To solve the problem, we need to find the wavelength of the second wave given that a sound wave travels with a velocity of 300 m/s, and 9 beats are produced in 3 seconds when two waves pass through the gas simultaneously. One of the waves has a wavelength of 2 m. ### Step-by-Step Solution: 1. **Calculate the Number of Beats per Second:** \[ \text{Number of beats per second} = \frac{\text{Total beats}}{\text{Total time}} = \frac{9 \text{ beats}}{3 \text{ s}} = 3 \text{ beats/s} \] 2. **Use the Beat Frequency Formula:** The beat frequency (number of beats per second) is given by the difference in frequencies of the two waves: \[ \text{Number of beats per second} = |f_1 - f_2| \] where \( f_1 \) and \( f_2 \) are the frequencies of the two waves. 3. **Relate Frequency to Wavelength:** The frequency of a wave can be calculated using the formula: \[ f = \frac{v}{\lambda} \] where \( v \) is the velocity of the wave and \( \lambda \) is the wavelength.
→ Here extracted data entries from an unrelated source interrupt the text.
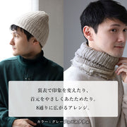 | リバーシブルで8通りの使い方が楽しめるマルチなアイテム。 折り方、かぶり方次第で無限にアレンジが可能です。 |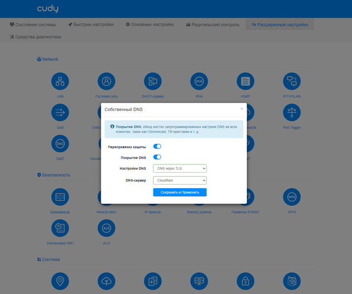 Из необычного здесь отметим функцию перехвата и перенаправления запросов DNS клиентов.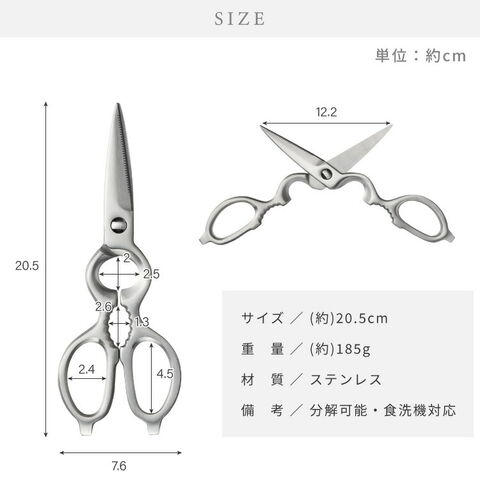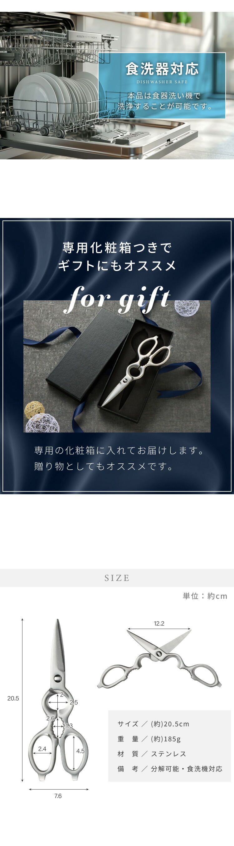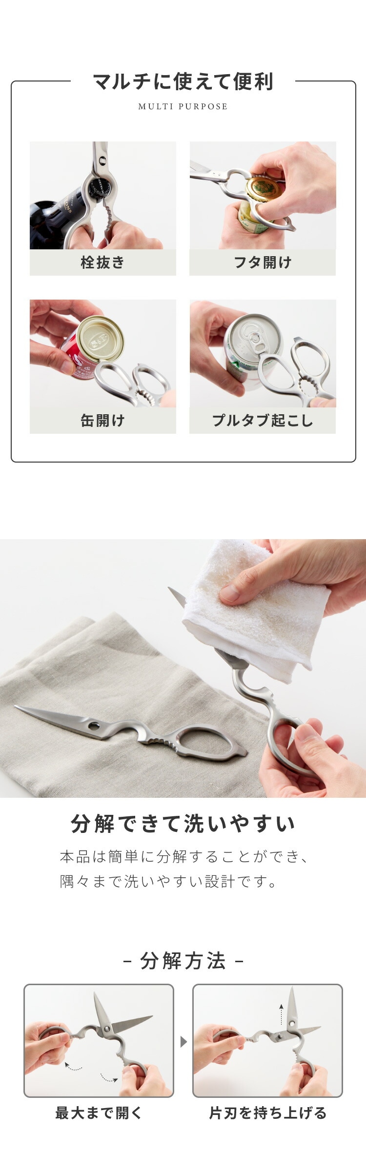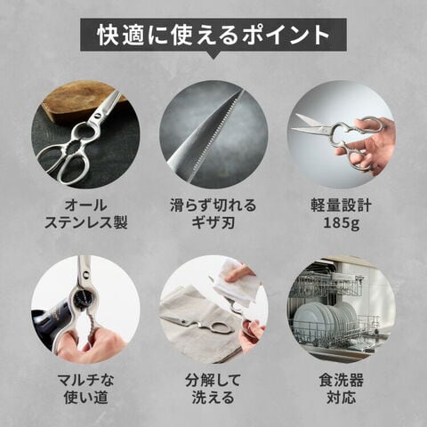 キッチンバサミ 分解 食洗機対応 オールステンレス セパレート 取り外し式 洗える まな板いらず ギザ刃 キッチンばさみ キッチンはさみ キッチンハサミ キッチン鋏 分解式 洗浄【メール便配送】 【送料無料】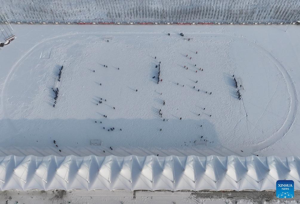 This aerial photo taken on Dec. 23, 2023 shows students playing a snowfield football game at a middle school of the Xinjiang Production and Construction Corps in northwest China's Xinjiang Uygur Autonomous Region. Practical and specific measures are being taken to ensure local people's well-being in the ongoing national program that rallies all-round support for Xinjiang, and the Xinjiang Production and Construction Corps is one of the many examples. (Xinhua/Hu Huhu)

For the two waves: \[ f_1 = \frac{v}{\lambda_1} \quad \text{and} \quad f_2 = \frac{v}{\lambda_2} \] 4. **Substitute Frequencies into the Beat Frequency Equation:** Using the relationship for frequencies: \[ 3 = \left| \frac{v}{\lambda_1} - \frac{v}{\lambda_2} \right| \] Since \( v = 300 \, \text{m/s} \) and \( \lambda_1 = 2 \, \text{m} \): \[ 3 = \left| \frac{300}{2} - \frac{300}{\lambda_2} \right| \] This simplifies to: \[ 3 = \left| 150 - \frac{300}{\lambda_2} \right| \] 5. **Solve for \( \lambda_2 \):** We can set up two equations based on the absolute value: - Case 1: \( 150 - \frac{300}{\lambda_2} = 3 \) - Case 2: \( 150 - \frac{300}{\lambda_2} = -3 \) **Case 1:** \[ 150 - 3 = \frac{300}{\lambda_2} \implies 147 = \frac{300}{\lambda_2} \implies \lambda_2 = \frac{300}{147} \approx 2.04 \, \text{m} \] **Case 2:** \[ 150 + 3 = \frac{300}{\lambda_2} \implies 153 = \frac{300}{\lambda_2} \implies \lambda_2 = \frac{300}{153} \approx 1.96 \, \text{m} \] Since we are looking for a wavelength close to 2 m, we will consider the first case. 6. **Final Answer:** The wavelength of the second wave is approximately \( 2.04 \, \text{m} \). ### Conclusion: The correct option is (b) 2.04 m.